• TASK DIRECTIONS:
Reproduce exactly the span of lines beginning at the one with "The hub may" and ending at the last line of the data below, omitting pictures.

### STORED DATA ###

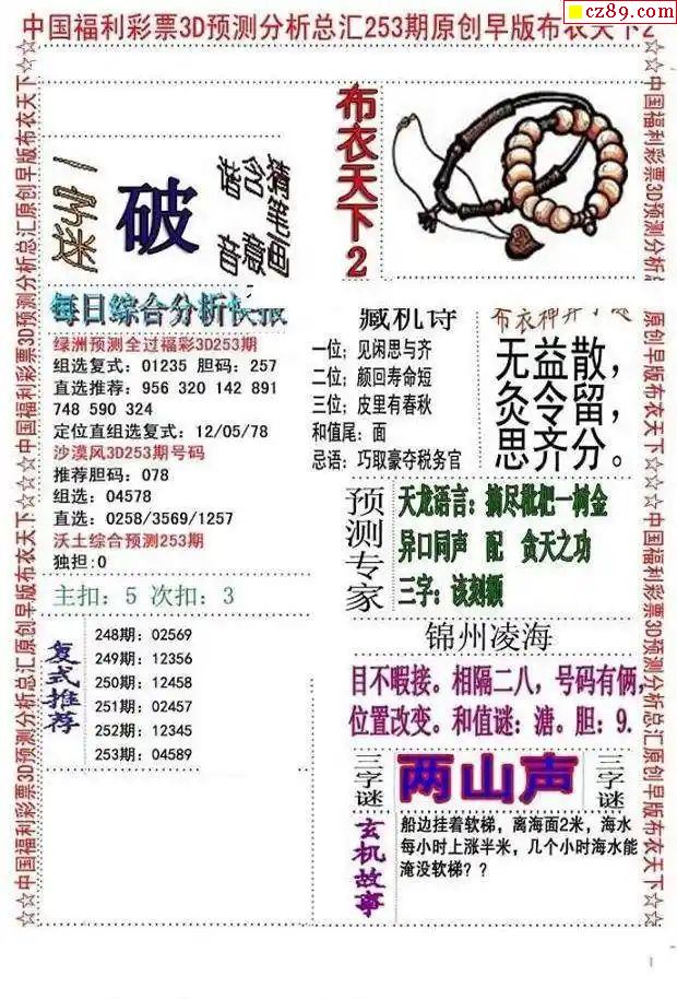 2024253期3d字谜图谜总汇
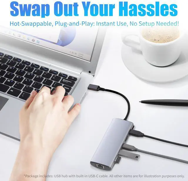 The hub may not initialize on some systems. Reconnect and ensure all ports are secure. Supported OS: Windows 10/11, macOS 10.14+, Android 11+, iPadOS 15+.
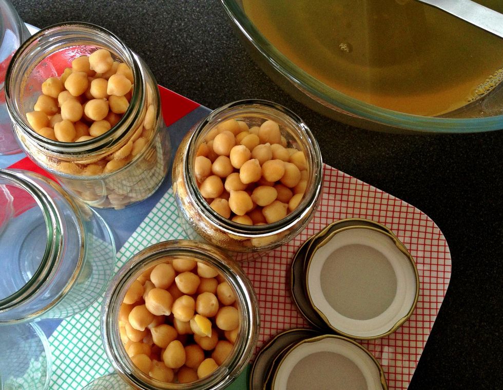 Wash the jars in boiling water to sterilise them. Cook (or part cook) beans according to the instructions on the packet and transfer to a bowl to stop them cooking further. Here I'm using chickpeas.

###

• RESULT OF THE TASK:
 The hub may not initialize on some systems. Reconnect and ensure all ports are secure. Supported OS: Windows 10/11, macOS 10.14+, Android 11+, iPadOS 15+.
 Wash the jars in boiling water to sterilise them. Cook (or part cook) beans according to the instructions on the packet and transfer to a bowl to stop them cooking further. Here I'm using chickpeas.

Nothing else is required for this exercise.